Alexandre Trilla, PhD - Data Scientist |

Blog

-- Thoughts on data analysis, software development and innovation management. Comments are welcome

Hacking with Multinomial Naive Bayes

29-Feb-2012

Today it's the most significant day of a leap year, and I won't miss the chance to blog a little. I think I can put Udacity aside for a moment to note the importance of Naive Bayes in the hacker world. Regardless of its naive assumption of feature independence, which does not hold for text data due to the grammatical structure of language, the classification decisions (based on Bayes decision rule) of this oversimplified model are surprisingly good.

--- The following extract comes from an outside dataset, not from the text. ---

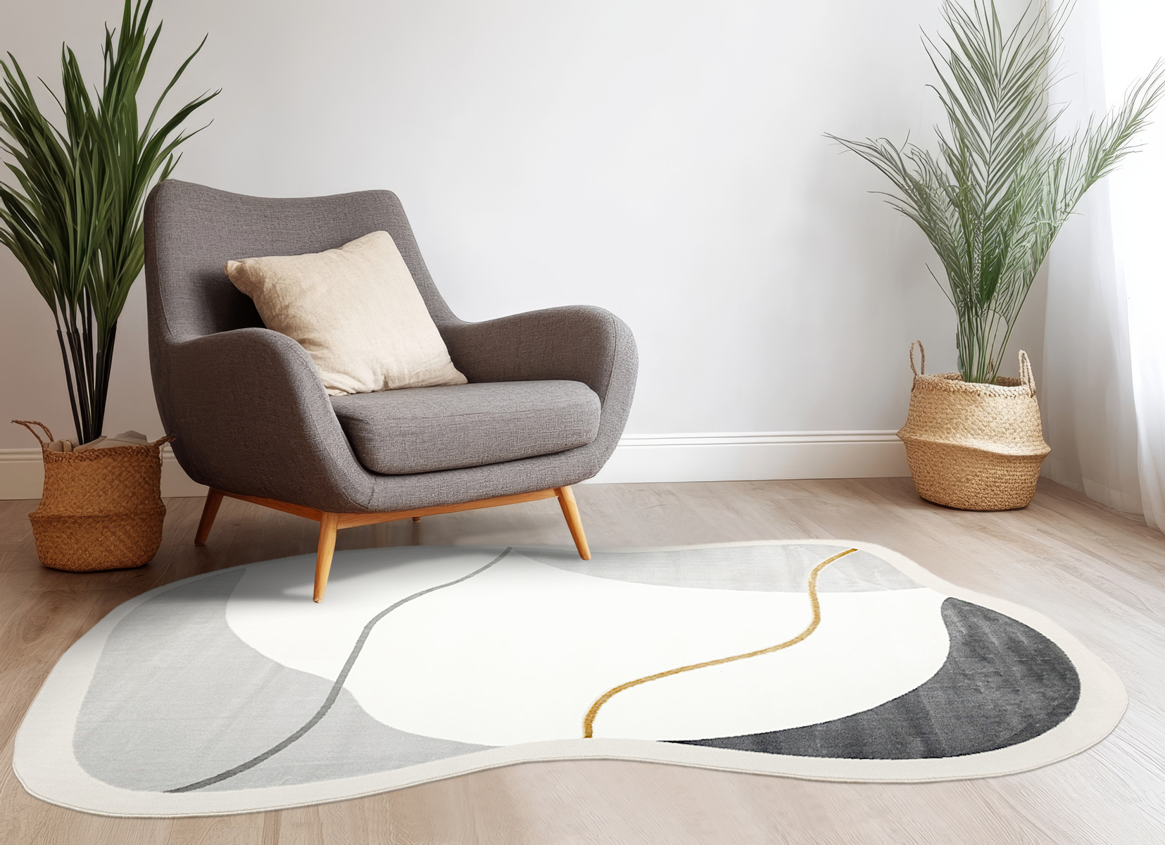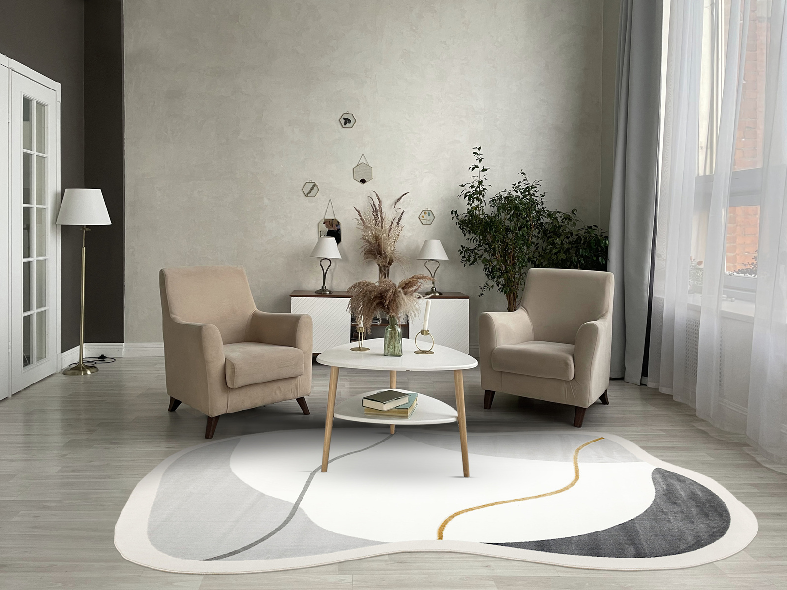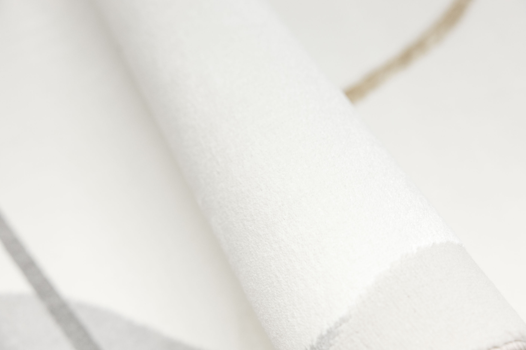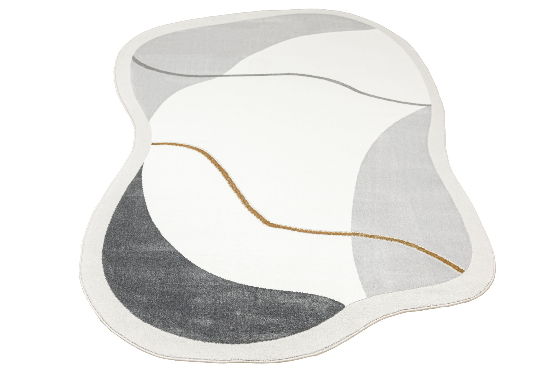 - Luksusowy dywan Selenne o nieregularnym kształcie z mięciutkim, lekko lśniącym, dwupoziomowym runem, abstrakcyjnym wzorem w odcieniach szarości zmieszanej z beżem z akcentami kremu, grafitu i złota, ze spodem wykończonym bawełną.

I am particularly fond of implementing the Multinomial version of Naive Bayes as is defined in (Manning, et al., 2008), and I must say that for certain problems (namely for sentiment analysis) it improves the state-of-the-art baseline straightaway. My open source implementation is available here, as well as a couple of example applications on sentiment analysis and topic detection.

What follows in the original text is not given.